*Assigned task*. Every word in the data below belongs in your copy, exactly as given; the pictures do not.

*Collected material*.
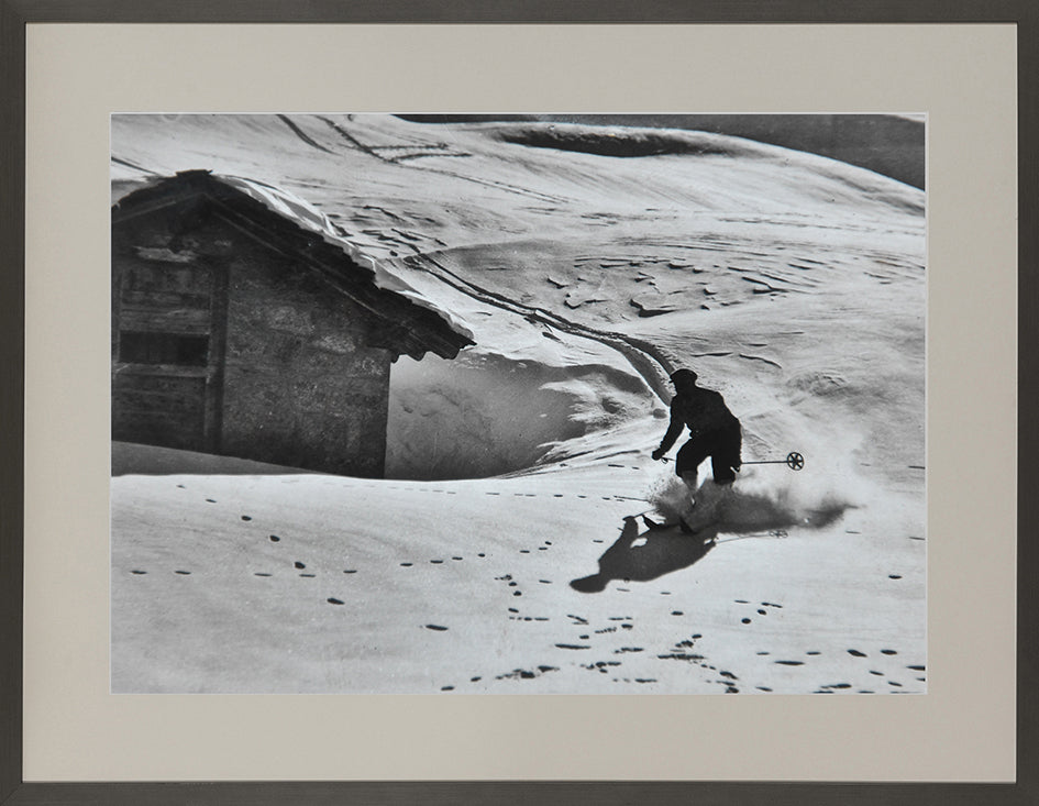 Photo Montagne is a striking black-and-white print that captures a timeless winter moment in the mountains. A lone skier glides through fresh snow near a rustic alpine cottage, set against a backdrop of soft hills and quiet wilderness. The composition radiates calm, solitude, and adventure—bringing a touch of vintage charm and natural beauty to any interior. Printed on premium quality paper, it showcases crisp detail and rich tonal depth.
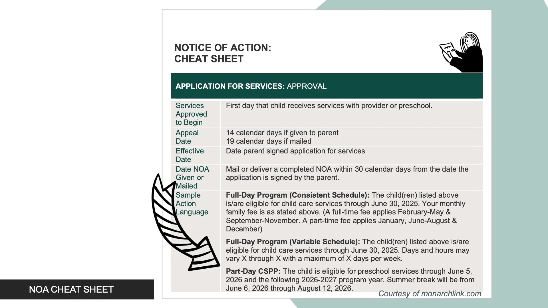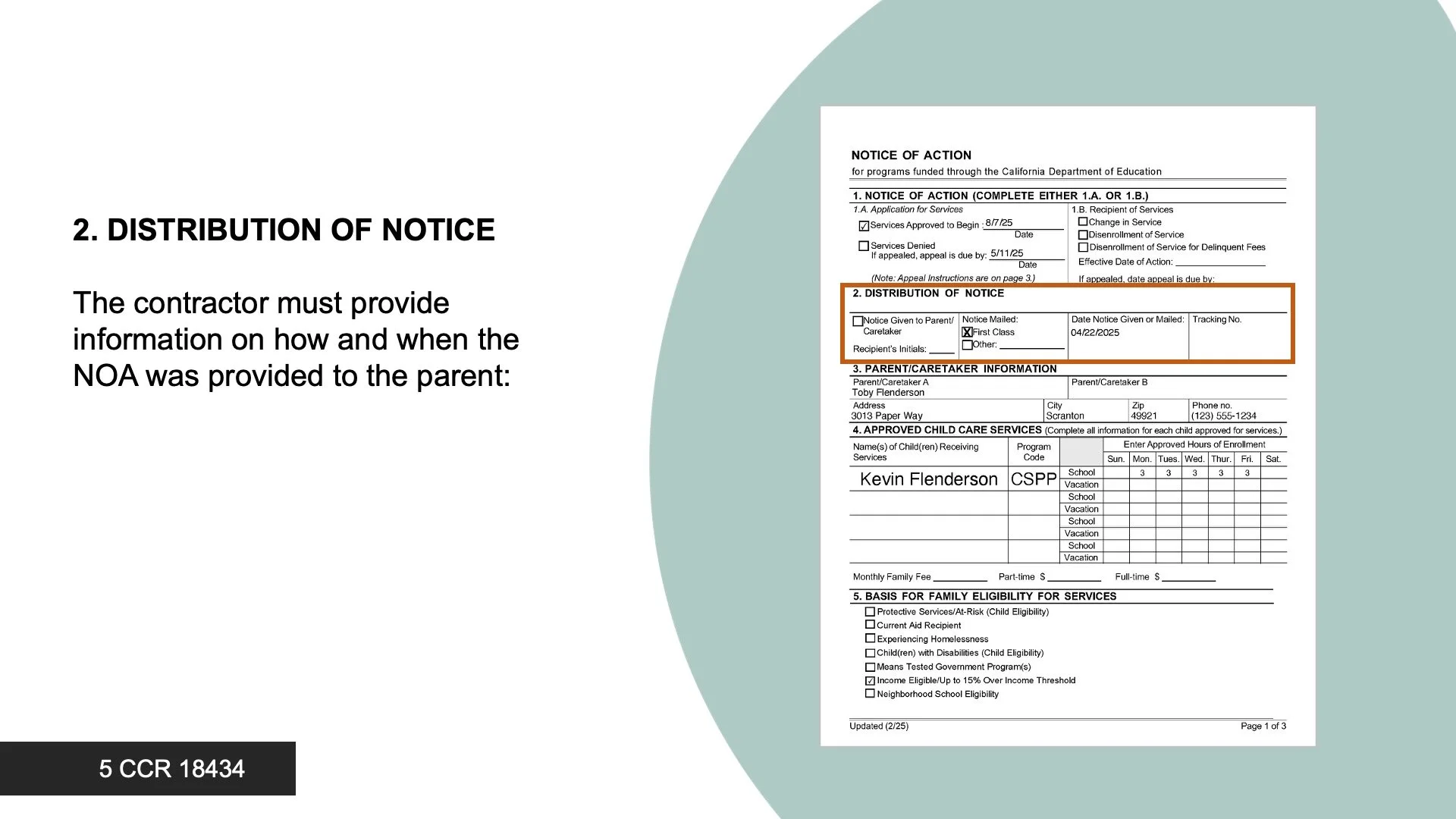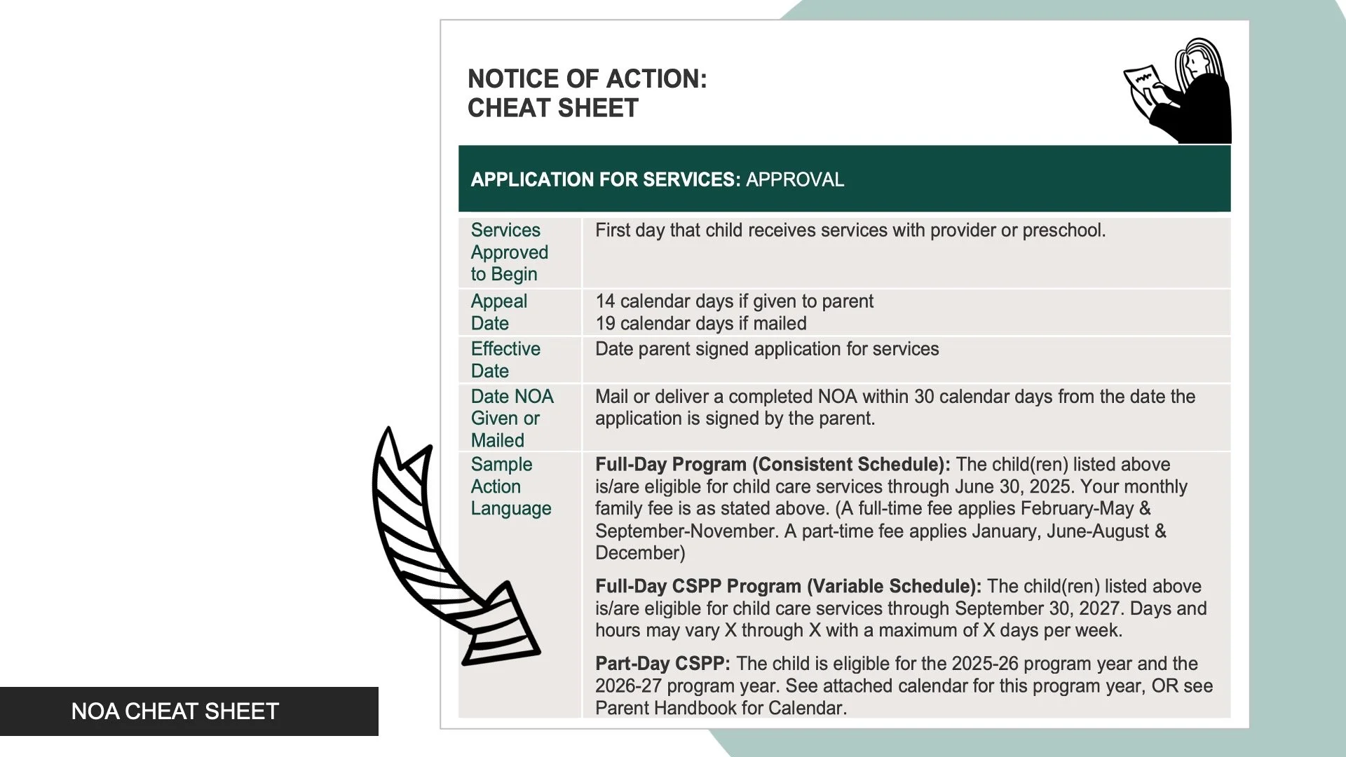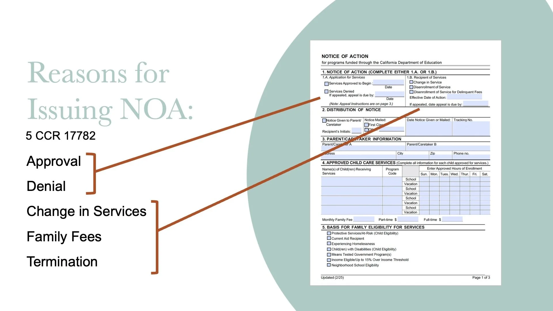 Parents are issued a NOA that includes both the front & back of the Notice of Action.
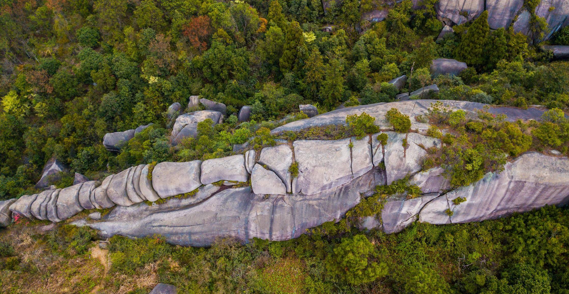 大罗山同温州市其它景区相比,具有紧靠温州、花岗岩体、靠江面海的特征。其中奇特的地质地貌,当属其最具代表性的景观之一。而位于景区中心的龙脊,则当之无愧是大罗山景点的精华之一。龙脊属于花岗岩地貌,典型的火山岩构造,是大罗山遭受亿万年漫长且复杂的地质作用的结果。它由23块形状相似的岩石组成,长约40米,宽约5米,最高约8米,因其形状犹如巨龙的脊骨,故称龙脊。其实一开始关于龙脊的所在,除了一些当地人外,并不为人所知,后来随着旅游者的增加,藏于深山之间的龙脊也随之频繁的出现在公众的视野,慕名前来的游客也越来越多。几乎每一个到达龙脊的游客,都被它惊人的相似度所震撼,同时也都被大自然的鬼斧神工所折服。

*Written response*.
 Photo Montagne is a striking black-and-white print that captures a timeless winter moment in the mountains. A lone skier glides through fresh snow near a rustic alpine cottage, set against a backdrop of soft hills and quiet wilderness. The composition radiates calm, solitude, and adventure—bringing a touch of vintage charm and natural beauty to any interior. Printed on premium quality paper, it showcases crisp detail and rich tonal depth.
 Parents are issued a NOA that includes both the front & back of the Notice of Action.
 大罗山同温州市其它景区相比,具有紧靠温州、花岗岩体、靠江面海的特征。其中奇特的地质地貌,当属其最具代表性的景观之一。而位于景区中心的龙脊,则当之无愧是大罗山景点的精华之一。龙脊属于花岗岩地貌,典型的火山岩构造,是大罗山遭受亿万年漫长且复杂的地质作用的结果。它由23块形状相似的岩石组成,长约40米,宽约5米,最高约8米,因其形状犹如巨龙的脊骨,故称龙脊。其实一开始关于龙脊的所在,除了一些当地人外,并不为人所知,后来随着旅游者的增加,藏于深山之间的龙脊也随之频繁的出现在公众的视野,慕名前来的游客也越来越多。几乎每一个到达龙脊的游客,都被它惊人的相似度所震撼,同时也都被大自然的鬼斧神工所折服。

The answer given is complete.